Mas se tudo se dirige para o definhamento, a decadência, a demência e a morte, porque razão assistimos a tal empresa sem asco? A resposta já a dei antes, Jean-Louis Trintignant e Emmanuelle Riva. O par de actores dão corpo às personagens (os mesmos Georges e Anne que vêm protagonizando os filmes do realizador) e impedem que Haneke puxe os fios a seu prazer (como é costume). E por entre os horrores diários que o lidar com um enfermo acarreta temos momentos de candura: seja a aparição da mulher saudável através do poder invocativo da música, ou, mais uma vez, através de uma canção a mulher, já quase demente, consegue dar uns ares de felicidade. Ainda assim, nunca há um beijo e o contacto entre os dois é sempre filtrado por um acto médico (cena arrepiante, depois de vários anos casados Anne vai descrevendo ao marido como a deve abraçar para a poder transferir da cadeira de rodas para a cama). Haneke usa a elipse a rodos com o objectivo de nos aterrorizar, a cada salto deparamo-nos com Anne cada vez mais decadente, de saudável passa a paralítica, daí a acamada e depois são só gemidos.

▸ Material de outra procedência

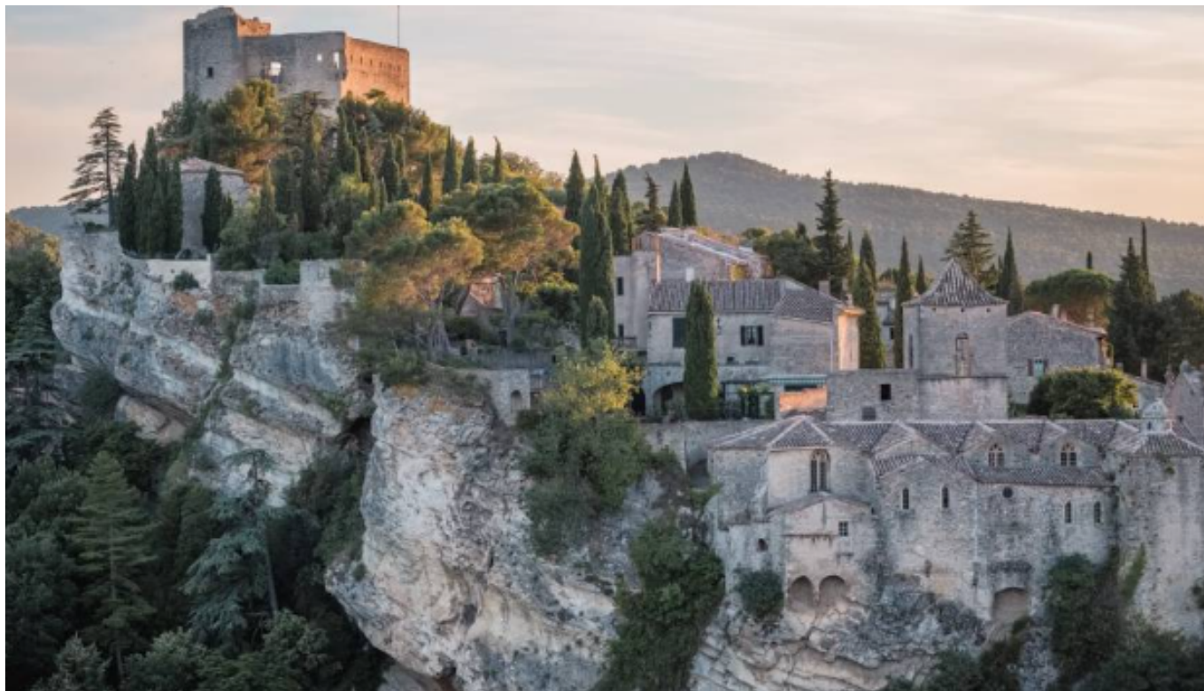
Vaison la Romaine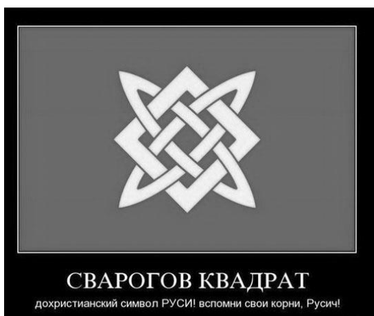
Рис. 1. «Сварогов квадрат» — символ «Северного братства»

В настоящее время этот символ в массовом сознании прочно ассоциируется со Сварогом и славянской языческой древностью, являясь элементом «этнических» украшений, магазинов, продающих вещи со «славянской» символикой, и даже фирм, оказывающих дизайнерско-строительные и электромонтажные услуги (см. рис. 3, 4, 5).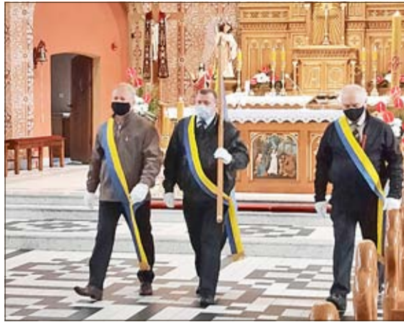
Die Fahnenträger gaben der Messe einen feierlichen Charakter.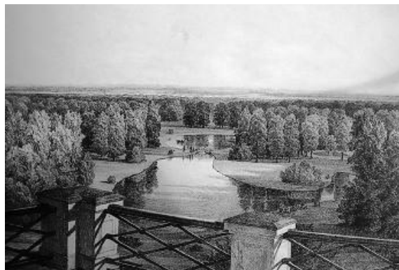
Sl.7. Park Maksimir 1852., pogled s Vidikovca na Gornje i Donje jezero

Razdoblje prve polovice 19. stoljeća također je i doba vrtova i parkova, nekoliko ih je u Zagrebu; vrtovi Krieger, Felbinger, Nikolić, Czappan na Cmroku te Sjeverna i Južna promenada, danas Strossmayerovo odnosno Vrazovo šetalište te park Maksimir (Sl.7.), remek-djelo umjetnosti. O vrtovima tada pišu i Zagrebačke novine, posebno Allgemeine Deutsche Gartenzeitung , 1828.g. pišu o ranije spomenutim vrtovima, a 1831.g. donose priču o građevinama, ali i o djelatnostima pa tako i o trgovcu kovine koji ima dućan na Trgu sv. Marka, Wohlfahrt i Popović trguju suknom, Liederkron staklom i porculanom, a De Negro i Vidale prekomorskom robom. Glavna trgovačka ulica tada je Duga ulica (danas Radićeva) te trgovci imaju u njoj glavne dućane, a u Ilici podružnice. Nalaze se tu i ljekarna K Spasitelj i Zeiningerova pekarna. Sav je trgovački posao u Gornjem gradu, čak se i veliki sajmovi održavaju na Trgu sv. Marka i u Pivarskoj ulici (danas Basaričekovoj), dok na Harmici (Trg bana Jelačića) rade samo pečenjari i slaninari. Krčme i gostionice kao i trgovine, uglavnom su u vlasništvu Nijemaca i imaju isključivo njemačke natpise. 31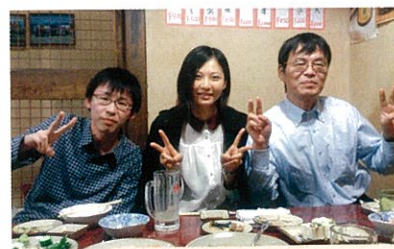
指導医の先生方にはあたたかいご指導をいただいています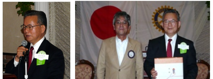
卓話「ロータリーにおける職業奉仕」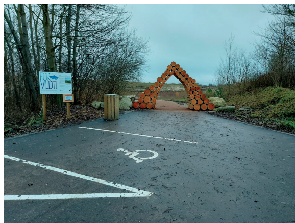
Eksempel på billede af særskilt handicapparkering og vejen fra parkeringspladsen til rutens start.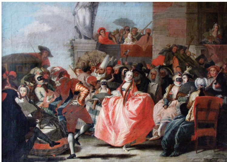
Scène de carnaval ou Le Menuet

Les fêtes de carnaval dans le Languedoc, relevant davantage des mascarades rurales, sont tout aussi incontournables avec le carnaval le plus long du monde, celui de Limoux dans l'Aude qui dure trois mois, le carnaval de Trèves dans le Gard ou la fête des Pailhasses de Courmonterral dans l'Hérault, « barbouillés » de lie de vin et terrorisant les personnes extérieures au village, immortalisées par le photographe Charles Camberoque et par Agnès Varda dans son film « Sans toi, ni loi ».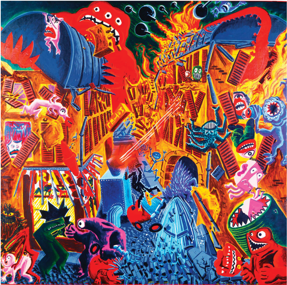
Hervé Di Rosa, L'attaque de la rue du Malheur , 1984. Acrylique sur toile, 189 x 202 cm © Adagp Paris 2026

Le rez-de-chaussée du centre d'art plonge le visiteur dans l'effervescence des années 1980, moment fondateur où Hervé Di Rosa développe un langage plastique immédiatement reconnaissable. Figures hybrides, narration foisonnante, énergie graphique et palette vive : sa peinture s'inscrit en rupture avec les codes dominants de l'époque et affirme une liberté de ton revendiquée. Nourrie par la culture populaire, la bande dessinée, l'imagerie vernaculaire et les arts dits « mineurs », elle participe à redéfinir les hiérarchies artistiques et à élargir le champ de la peinture contemporaine.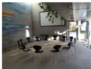
Tagungsraum Pavillon - Nikolaus Lehner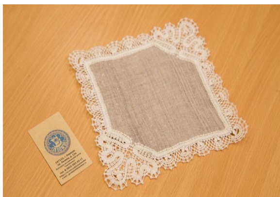
Рис. 5. Салфетка «Павлинка»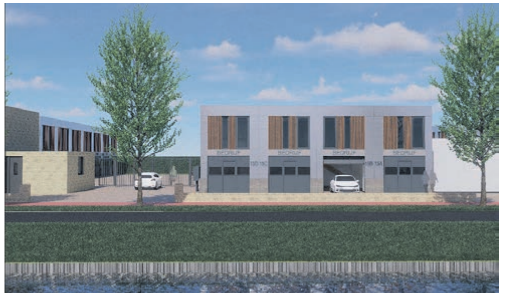
Beeld van hoe de nieuwe bedrijfsunits eruit gaan zien.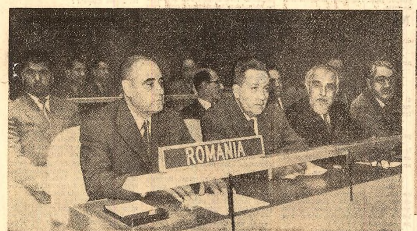
Delegația R. P. Romine, în frunte cu tovarășul Gh. Gheorghiu-Dej, la sesiunea Adunării Generale a O.N.U. în timpul desfășurării lucrărilor sesiunii.

Cu începere de la ora 20, partici-panții pot urmări întîlnirea de fotbal — în nocturnă — din cadrul catego-riei A: Dinamo București — Știința Ti-mișoara.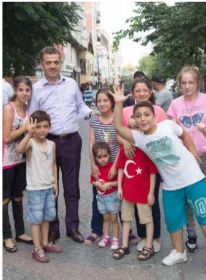
HASAN TAHSİN USTA @htahsinusta Gaziosmanpaşa Belediye Başkanı Hasan Tahsin Usta, esnafı ziyaret ederek mahallenin çocuklarıyla bir araya geldi.

Türkiye'deki aktif sosyal medya kullanıcısı 42 milyon. Türkiye nüfusunun yüzde 90'ının mobil aboneliği bulunuyor. Türkiye'deki aktif sosyal medya kullanıcı sayısı ise geçtiğimiz yıla göre yüzde 5 artış gösterdi.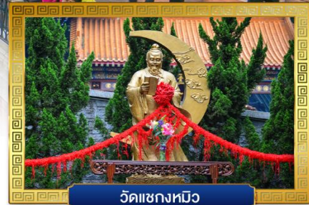
วัดแซงทมิว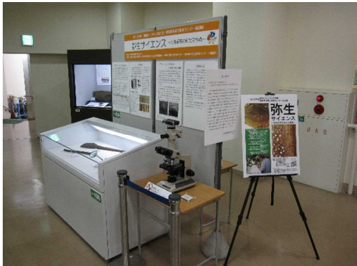
①静岡市立登呂博物館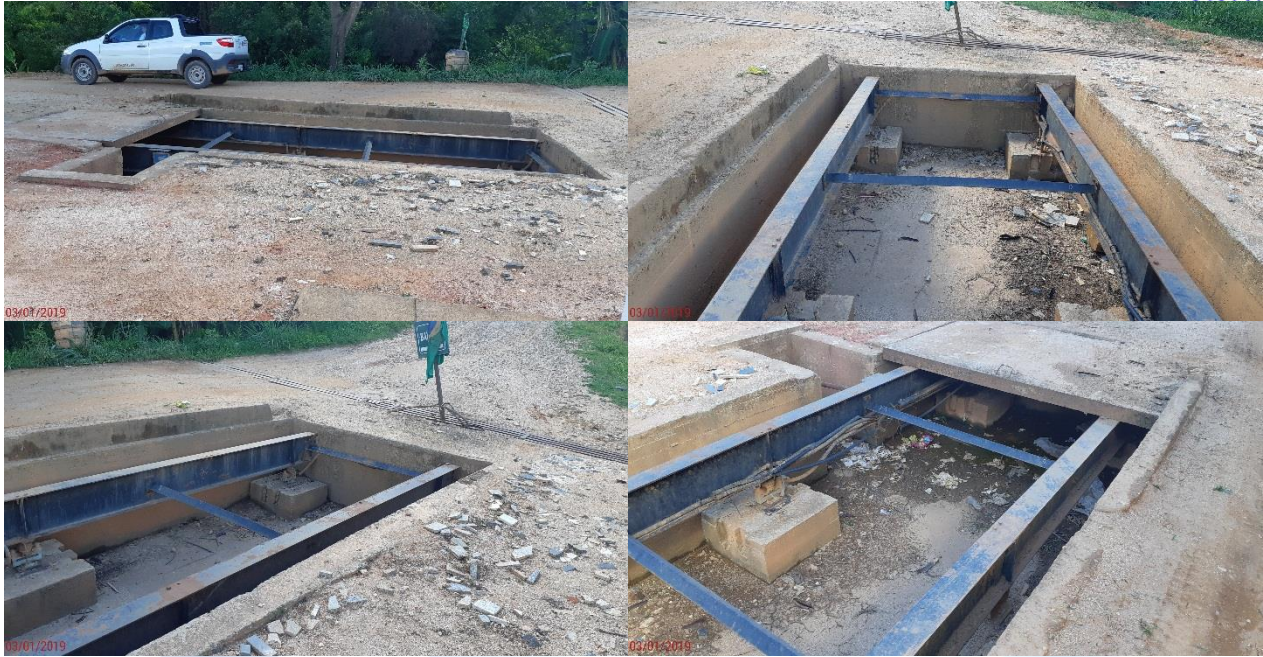
Figura 02 – Estrutura de Aço e Local da Antiga Balança

A certa altura, depois de uma discussão sobre se deveriam colocar a senhora num lar, Georges pede para que se fale de outra coisa e a filha (Huppert) responde que não há mais nada a falar; não será por acaso que quando Georges sonha com sair de casa (e é só para ir ao corredor) uma mão vinda sabe-se lá d’onde agarra-o – nem em sonhos podes fugir. A morte da companheira é como um buraco negro e Haneke delicia-se a filmar as rodas da espiral. Como o Luís Mendonça salientou no sua cobertura ao LEFFest, a certa altura Georges afirma que há coisas que não se devem ver, só ele, por ser marido tem a obrigação de lidar com a morte da parceira. Pois bem, se a personagem o disse o realizador ouviu e … rapidamente esqueceu. Para ele não há nada que não se posso filmar analiticamente e nós (espectadores) temos que suportar. Na entrevista que dá ao Ípsilon desta semana Haneke diz: “Eu acho que as pessoas aguentam muito mais do que julgam. Se se aguenta a vida, também se aguenta este filme”. Mas como os portugueses também aguentam as medidas de austeridade, não quer dizer que elas se devam aplicar, mas lá que aguentamos, lá isso aguentamos.